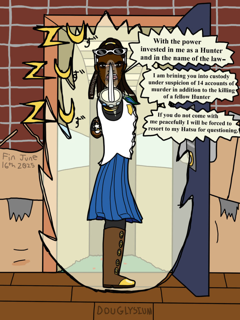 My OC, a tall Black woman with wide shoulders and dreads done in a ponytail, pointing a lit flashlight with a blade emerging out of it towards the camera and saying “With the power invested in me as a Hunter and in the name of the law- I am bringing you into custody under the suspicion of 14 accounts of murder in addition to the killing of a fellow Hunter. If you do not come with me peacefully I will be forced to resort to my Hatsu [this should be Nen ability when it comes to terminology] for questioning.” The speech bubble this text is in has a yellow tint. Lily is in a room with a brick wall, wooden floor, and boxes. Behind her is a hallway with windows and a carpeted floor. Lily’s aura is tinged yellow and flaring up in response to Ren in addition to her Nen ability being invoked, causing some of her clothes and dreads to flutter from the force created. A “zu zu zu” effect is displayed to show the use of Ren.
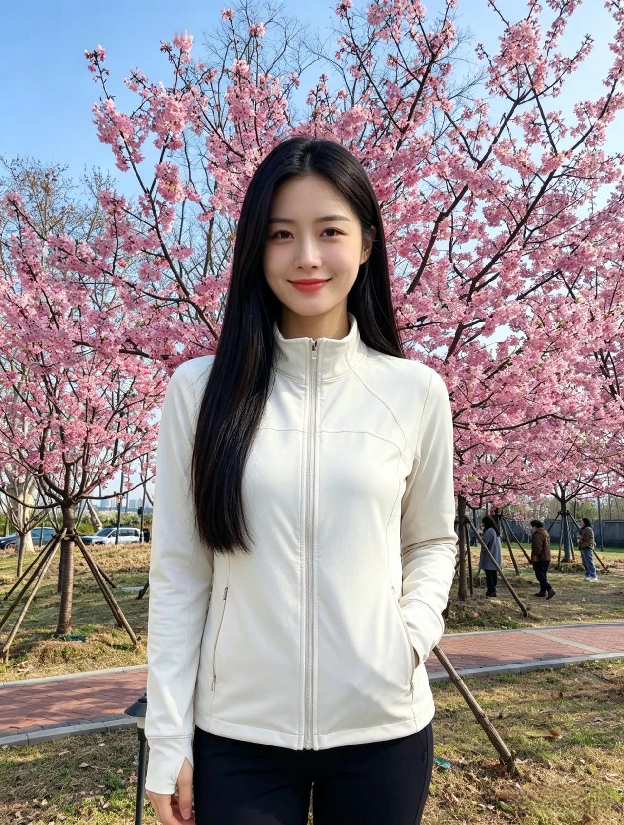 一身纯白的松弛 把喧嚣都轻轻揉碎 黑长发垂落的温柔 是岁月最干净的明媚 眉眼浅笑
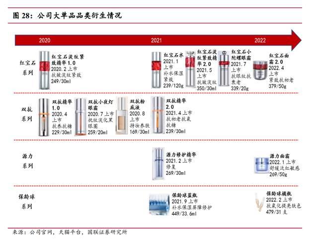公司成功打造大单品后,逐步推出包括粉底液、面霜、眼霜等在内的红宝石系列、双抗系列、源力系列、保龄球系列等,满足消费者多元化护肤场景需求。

Instructions to follow:
Set down the data above exactly as written. Omit the pictures.

Answer to this problem:
 My OC, a tall Black woman with wide shoulders and dreads done in a ponytail, pointing a lit flashlight with a blade emerging out of it towards the camera and saying “With the power invested in me as a Hunter and in the name of the law- I am bringing you into custody under the suspicion of 14 accounts of murder in addition to the killing of a fellow Hunter. If you do not come with me peacefully I will be forced to resort to my Hatsu [this should be Nen ability when it comes to terminology] for questioning.” The speech bubble this text is in has a yellow tint. Lily is in a room with a brick wall, wooden floor, and boxes. Behind her is a hallway with windows and a carpeted floor. Lily’s aura is tinged yellow and flaring up in response to Ren in addition to her Nen ability being invoked, causing some of her clothes and dreads to flutter from the force created. A “zu zu zu” effect is displayed to show the use of Ren.
 一身纯白的松弛 把喧嚣都轻轻揉碎 黑长发垂落的温柔 是岁月最干净的明媚 眉眼浅笑
公司成功打造大单品后,逐步推出包括粉底液、面霜、眼霜等在内的红宝石系列、双抗系列、源力系列、保龄球系列等,满足消费者多元化护肤场景需求。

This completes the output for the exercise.